Learning Kafka with Python – implementing a database sink

Very often, either the source or the target of a Kafka based message queue is a classical relational database. Consuming data and using it to update a database table sounds straightforward, but poses a few challenges around reliability and delivery semantics. In this post, we look into two options to realize such an architecture.

The challenge

To illustrate the problem we are aiming to solve, let us suppose that we want to build an application that maintains an account balance. There is a front-end which acts as a Kafka producer and which a customer can use to either deposit money in the account or withdraw money. These transactions are then written into a Kafka topic, and a consumer reads from this topic and updates the balance kept in a relational datastore.

DatabaseSink

Thus the messages stored in the Kafka topic contains transactions, i.e. changes in the account balance, while the database table we need to maintain contains the actual balance. This is an example of what is called stream / table duality in the world of streaming – the event stream is the source of truth and reflects changes, the database contains the resulting state of the world after all changes have been applied and can at any time be reconstructed from the stream.

When we want to implement his pattern, the crucial part of our design will be to make sure that every message in the queue leads to only one update of the balance, so that no transaction is missed and no transaction is processed twice.
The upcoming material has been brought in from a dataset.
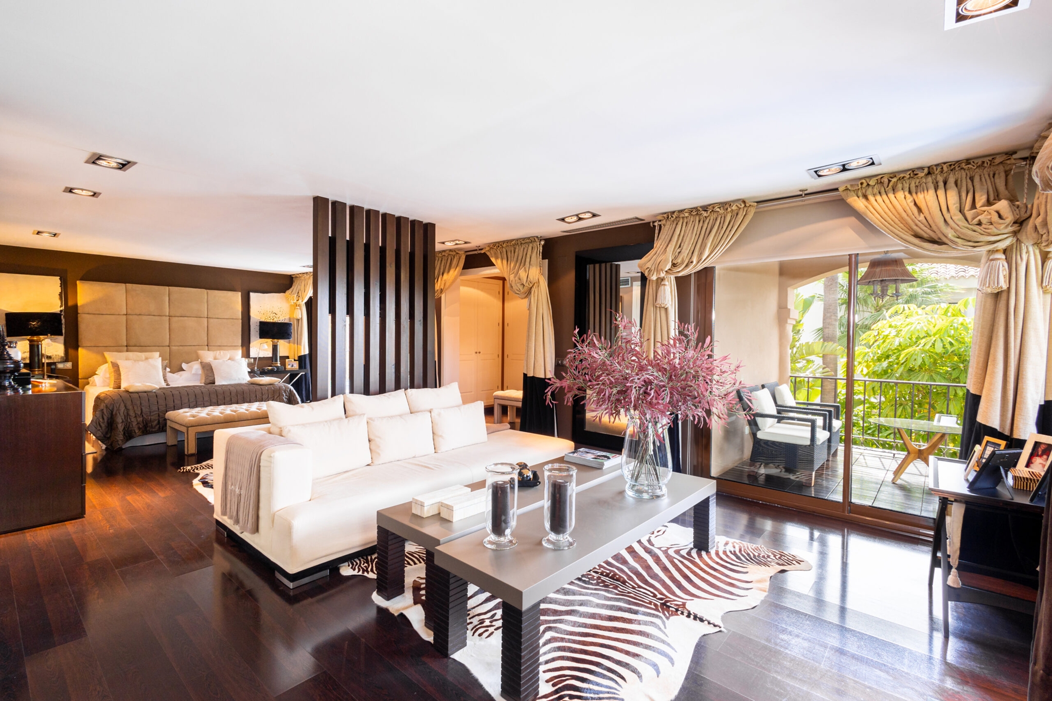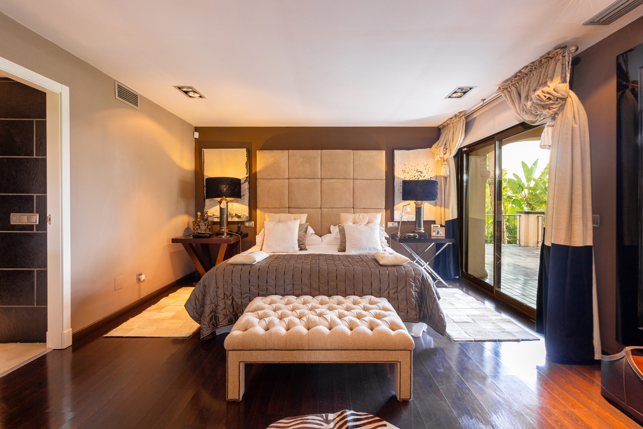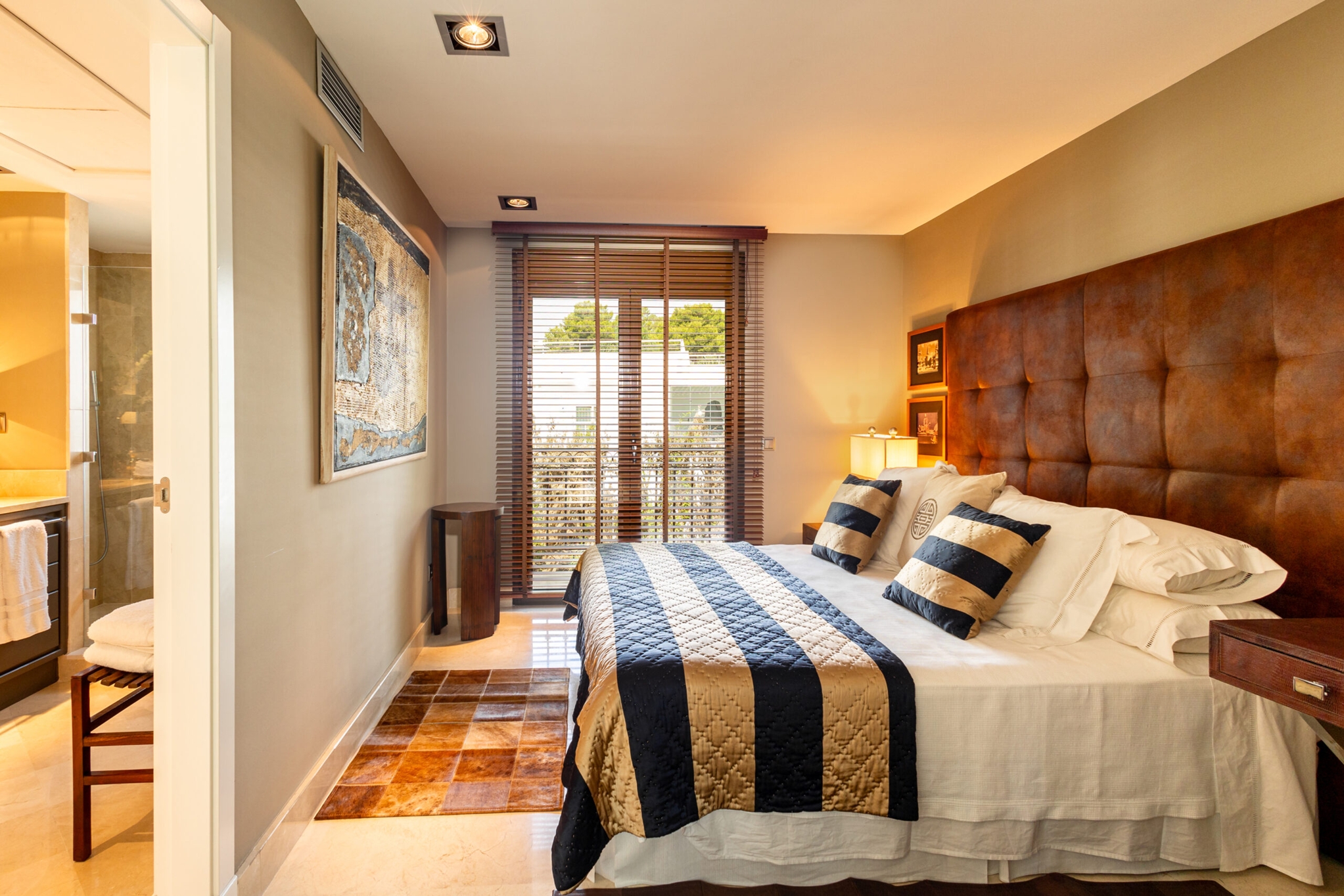 The master bedroom is an ideal private oasis, exuding comfort and style. The bedroom is connected to a private terrace that sports panoramic views of the surrounding area and Mediterranean sea.

Pattern 1: using a message ID and de-duplication

The first pattern we could use to make this work is to achieve de-duplication based on a unique message ID, which ideally is an integer that is increased with every message. The consumer could then store the sequence number of the last processed message in the database, and could thus detect duplicates.

In a bit more detail, this would work as follows. When the producer processes an action, it first retrieves a unique message ID. This message ID could be created using a database sequence, or – if the used database does not allow for this – it could read a sequence number from a table, increment it by one and update the table accordingly. It would then add this sequence number as a key to the Kafka message.

The consumer would store the latest processed sequence number in the database. When it reads a mesage from Kafka, it uses this number to check whether the message has already been processed before. If not, it updates balance and sequence number in one transaction and then commits the new offset to Kafka.

DatabaseSinkPatternI

Let us see how duplicates are handled in this pattern. If, for some reason, the topic contains two messages with the same ID, the consumer will process the first message, increase the latest processed sequence number in the database and commit the new balance. It will then read the duplicate, compare its sequence number against the latest value, detect the duplicate and simply ignore it. Thus the consumer is able to do a de-duplication based on the sequence number.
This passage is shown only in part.